Постепенно, когда его болезнь приобретала все более определенные формы, он вдруг становился смешным. Видите ли, король Фердинанд VIII в белых подштанниках! Это выглядело забавно. Это его новое состояние было точно и изящно выражено в мизансцене, когда вся нехитрая мебель, составлявшая достояние желтого дома, где происходило действие (художник С. Бархин), вдруг словно поднималась на дыбы. Вставала на попа козетка, на нее взгромождался стул, а рядом, в узкой щели стены, – фигура Поприщина, комического персонажа, почти клоуна, вообразившего себя испанским королем.

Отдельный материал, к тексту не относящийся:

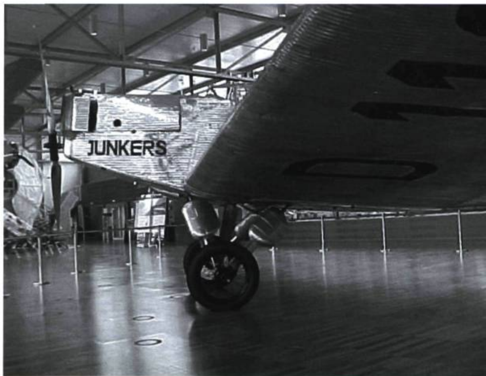
Le Bremen, devenu aujourd'hui une pièce d'histoire...

Tout se déroule sans encombre jusqu'au moment où le monoplan s'approche à quelque 640 kilomètres des côtes de Terre-Neuve. Les conditions météorologiques deviennent alors de plus en plus maussades. Les fameuses variations magnétiques de la région perturbent la navigation visuelle. C'est alors qu'un coup de vent d'une force inouïe frappe l'appareil et le projette directement dans le nuage malgré les manœuvres pour l'éviter. Ils décident donc de diminuer leur altitude et de combattre l'élément de la nature de la façon opposée. À quelque dix-huit mètres de la surface de la mer, une grosse vague surgit au-dessous d'eux, les obligeant à se redresser. Cette fois, ils sont entièrement à la merci de leurs instruments. Les difficultés s'accroissent lorsque l'éclairage des instruments tombe en panne et que l'on découvre une fuite dans le réservoir d'essence. Comme il fait nuit et qu'il est de venu

Но самое поразительно было в финале, когда Поприщин, на которого надели железный ошейник с цепью, приковывавшей его к кровати, стал выглядеть вдруг маленьким и беспомощным рядом с мощной фигурой дворника из дома умалишенных, одетого в балетную пачку и держащего в руках метлу. Поприщин стал жаловаться на то, что его бьют. Сам он в этот момент лежал наверху, в горизонтальной нише, проделанной в стене, и чем-то отдаленно напоминал положенного во гроб Спасителя на картине Г. Гольбейна Младшего, которая потрясала Достоевского. Полная нежности и страдания речь Поприщина, обращенная к маменьке, жалостливые нотки его голоса и почти детское наивное недоумение: почему с ним обращаются так жестоко? – поднимали тему этого спектакля, завершая его гимном человеку, его одинокой, лишенной любви и сострадания душе, человеку, брошенному в безумный мир. Как раз в этот момент по стене поползла кинопроекция, на которой с бешеной скоростью сменяли друг друга кадры современного Содома, облаченного в глянец.

* * *

Гинкас наконец как будто преодолел объективизм своего учителя Георгия Товстоногова. Хотя Товстоногов не закрепощал себя в какой-то одной манере, в разных спектаклях он был разным. Он мог построить такое зрелище, как «Мещане» или «Три сестры», где связи между персонажами приобретали сложное внутреннее развитие; режиссер словно бы умирал в актере, а точнее, высказывался целиком и полностью через него, если не считать тех внешних мизансценических «подсказок», которые выражали его, режиссера, видение ситуации. А мог создать такой спектакль, как «История лошади», в котором были совсем другая природа игры, другая природа чувств и другие законы зрелищной пластической выразительности.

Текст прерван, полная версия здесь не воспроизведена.